Question

0.408 g of an unknown triprotic acid are used to make a 100.00 mL solution. Then 25.00 mL of this solution is transferred to an Erlenmeyer flask and is titrated with 0.1125 M NaOH. The initial burette reading is 0.82 mL; when the titration endpoint is reached, the final burette reading is 37.62 mL. How many moles of triprotic acid are neutralized during the titration?

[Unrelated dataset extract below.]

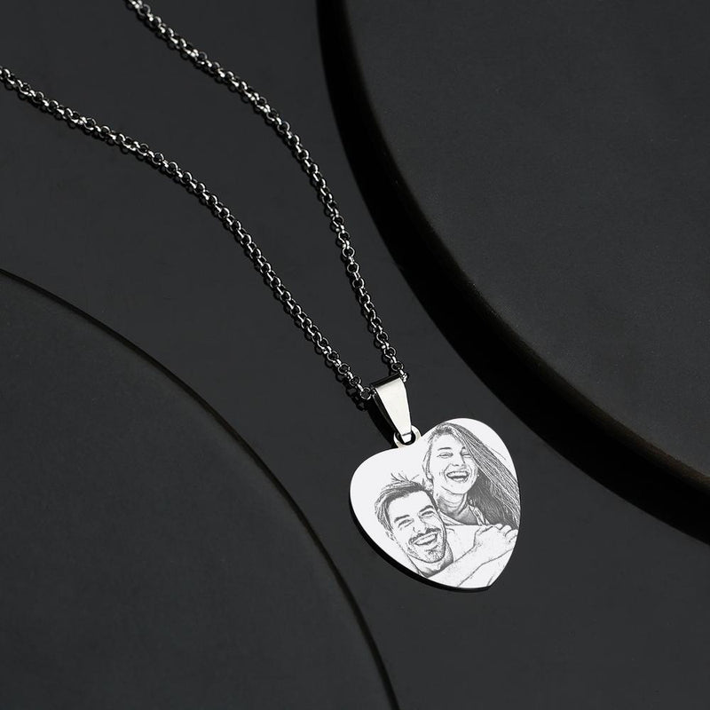 Womens necklace, heart pendant, photo engraving, tag necklace, stainless steel, personalized jewelry, custom gift, sentimental necklace, engraved pendant, photo jewelry, heart charm, keepsake necklace, meaningful accessory

Provide your answer in decimal form (e.g. 0.123) to the correct number of significant figures.

Answer 1

Neutralization reaction is

H3PO4 + 3 NaOH .........> Na3PO4 + 3 H2O

one mole H3PO4 react with 3 mole NaOH.

volume of NaOH = (37.62 - 0.82) = 36.8 ml = 0.0368 L

thus

for 25 ml of  unknown triprotic acid solution,

mole of NaOH required = 0.0368 L * 0.1125 mole / L = 4.14 * 10^-3 mole.

thus

mole of unknown triprotic acid in 25 ml solution = 4.14 * 10^-3 / 3 = 1.38 * 10^-3 mole.

and

100 ml solution of unknown triprotic acid contains = 1.38 * 10^-3 mole * 100 ml / 25 ml = 5.52 * 10^-3 mole = 0.00552 mole.

thus

moles of triprotic acid are neutralized during the titration = 0.00552 mole.